Given the near death of the honest labour of yesteryear, the comment is sad but true. But Mike and many other workers live on in this superlative production.
5 out of 5
And now from Hedwig’s journey through hell to Charlie Brown’s futile effort to keep that darn kite out of the tree. Yes, You’re a Good Man Charlie Brown (Venue 11) is back at the Fringe in a spiffy production from the Opera NUOVA folks. The company is an Edmonton institution that specializes in training classical singers. And this year they find themselves in the Fringe with Clark Gesner’s pocket musical.

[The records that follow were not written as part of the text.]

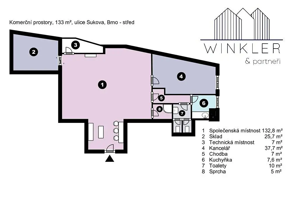 Pronájem komerční nemovitosti, Brno, Sukova, 233 m2 (ID: 2016591)
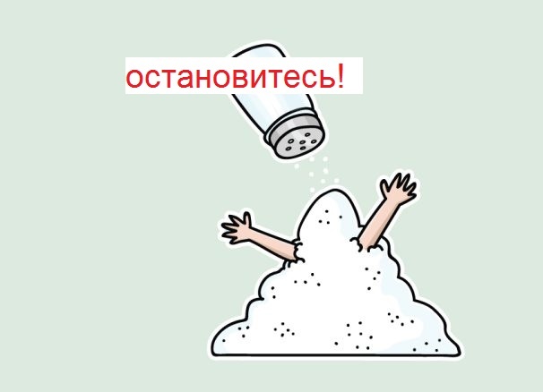 Соль - враг здоровья. Пройдите элементарный тест на употребление соли. Многие, когда им задают вопрос : «Вы злоупотребляете солью при ежедневном рационе?», отвечают абсолютно искренне, что они придерживаются рекомендаций ВОЗ о снижении потребления соли до 5 грамм в сутки. Но так ли это на самом деле? Узнать ответ на этот вопрос элементарно. Вот несколько простых вопросов. 1) Досаливаете ли вы блюда при употреблении непосредственно на столе? Да\нет 2) Бывают ли у вас отеки? Да\нет. 3) Чувствуете ли вы при употреблении продуктов, что они недосолены? Да\нет. 4) Испытываете ли вы постоянное желание пить? Да\нет. 5) Повышенное давление - ваш частый спутник? Да\нет. Если вы ответили на большинство вопросов положительно, то с большой долей вероятности в вашем меню есть избыток соли. Даже если не солить продукты вообще, то очень высокое содержание соли есть в приготовленных продуктах. А если в вашем рационе есть готовые блюда фастфуда с наличием соусов, то норматив превышается однозначно. Мн
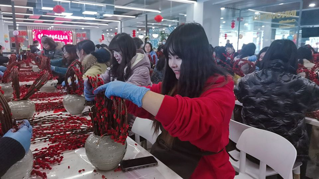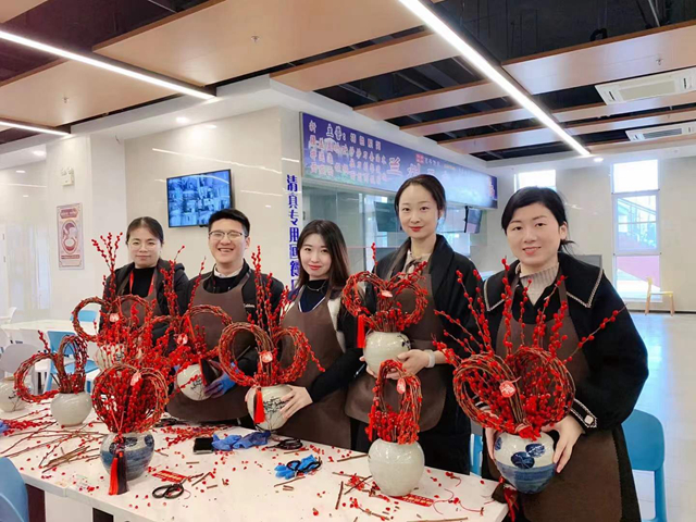 贺新春插花活动特别邀请了插花导师进行现场教学。近130名老师参加元宵花手工DIY,在插花导师手把手地指导下制作完成了属于自己的家装盆景。老师们纷纷表示,红色的元宵花为即将到来的虎年增添了浓厚的节日气氛,非常感谢工会的贴心安排。
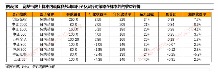 检验A股主要宽基指数的时序动量效应:多数指数上日内动量表现更好,择时策略回望期在4-5个月居多,一般不需要剔除期。样本内最佳因子在样本外表现普遍不错,时序动量对成长、小盘的择时收益更好。根据因子实证方案通过单资产择时策略检验宽基指数上的时序动量效应:在样本内对各因子进行调参、比较不同因子表现,选出样本内最优动量因子,并回测其在样本外收益表现。从样本内筛选结果来看:相较于传统动量,日内动量在多数宽基指数上表现更优;多数指数动量的回望期在4-5个月,创业板指数、中证1000的回望期较长,分别在13个月、8个月左右;除万得全A外,大多数指数的时序动量不需要剔除近期表现。从样本外回测结果来看:除中证红利指数外,其余指数上的择时策略均获得了一定超额收益;动量因子在创业板指、中证1000、中证500上的择时效果更好,年化超额收益率分别达到了7.7%、4.1%、3.7%。
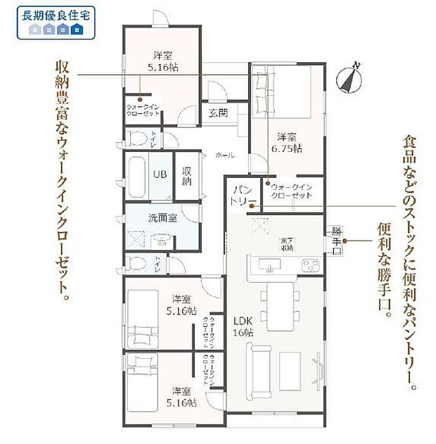 | 間取り | 4LDK 間取り内訳:リビングダイニングキッチン 16帖(1階)・洋室 6.7帖(1階)・洋室 5.1帖(1階)・洋室 5.1帖(1階)・洋室 5.1帖(1階) |
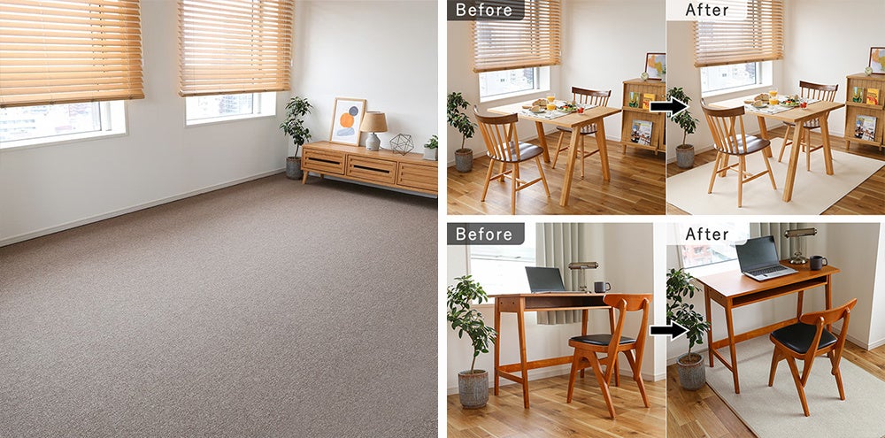 1cm刻みで作成可能で、コスパも良いオーダーカーペット。25色のカラー展開でどんな部屋でも自分好みに「ぴったり」と合わせられるカーペットです。変形したお部屋や、柱にもピッタリサイズでオーダー可能です。
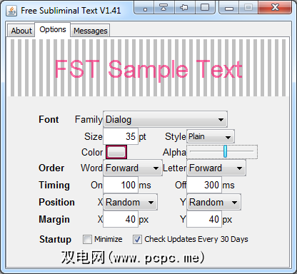 免费的次要文字(FST)是基于Java的工具,在您使用计算机时,该功能会在屏幕上闪烁次要的信息。默认情况下,文本会部分透明,因为在屏幕的随机位置会短暂闪烁。您可以在工具的 Options 选项卡中自定义这些设置。
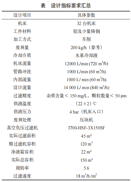 针对F4J16发动机缸体生产线切削液集中过滤冷却系统的设计,首先要考虑工厂生产的共用介质问题。工业用水应符合0.3MPa的实际情况,供电应当能够匹配三相五线的要求,另外,供气标准为0.45~0.6MPa,地坪承重为5t/m2,车间环境温度为5~40℃,水基冷却液的氯离子含量小于100x10-6,相关设备必须要能够符合共用介质的承载能力。
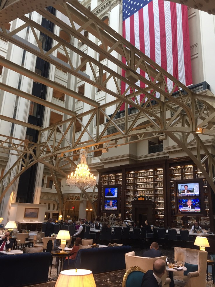 I am having these thoughts because I violated something I guess is a core belief. I walked into the beast’s mouth on my own. Then I actively, consciously contributed to the good fortunes of our national car wreck in chief by having a drink in the bar of his hotel near the White House. It was a good drink, in fact, but obscenely overpriced. And it is a beautiful lobby, staffed full of people of many colors, from many lands, whose eyes I mostly had a hard time meeting.

They handle the switch from Saracini to Snoopy very well. Much of the charm of Peanuts is often the small voices in keeping with the small people presented and, with the solid support of Randy Mueller at the piano, the young cast of BFA artists is certainly up to the job.
Charlie Brown appeals to all ages. Kids can relate to the insecurities, doubts, daydreams and emotional pitfalls of growing up. And for those of us who are older, well, it’s like meeting the old gang and finding that they haven’t changed a bit.
Kim Mattice Wanat’s direction is sympathetic and creative but most of all picks up on the show’s sense of fun. Corben Kushneryk’s Charlie is a gentle fellow who walks the thin line between being a whiner and just a kid trying to cope with his (many) failings. Emma Houghton is a vulnerable, silver-voiced Sally. Billy Brown’s Linus forms a real relationship with his ever-present comforter in My Blanket and Me. Jake Tkaczyk brings to his Schroeder a fine voice and a dimensional personality. Jordan Sabo’s Snoopy is a comical dog with human characteristics and tears up the place with his hilarious scenery-chomping set piece Suppertime. Lucy, who (as one critic observed) will someday become either a serial killer or a congresswoman, is (of course) THE role and Sarah Ormandy takes an obscene delight in being evil.
Yes, you can become a kid again with You’re a Good Man Charlie Brown.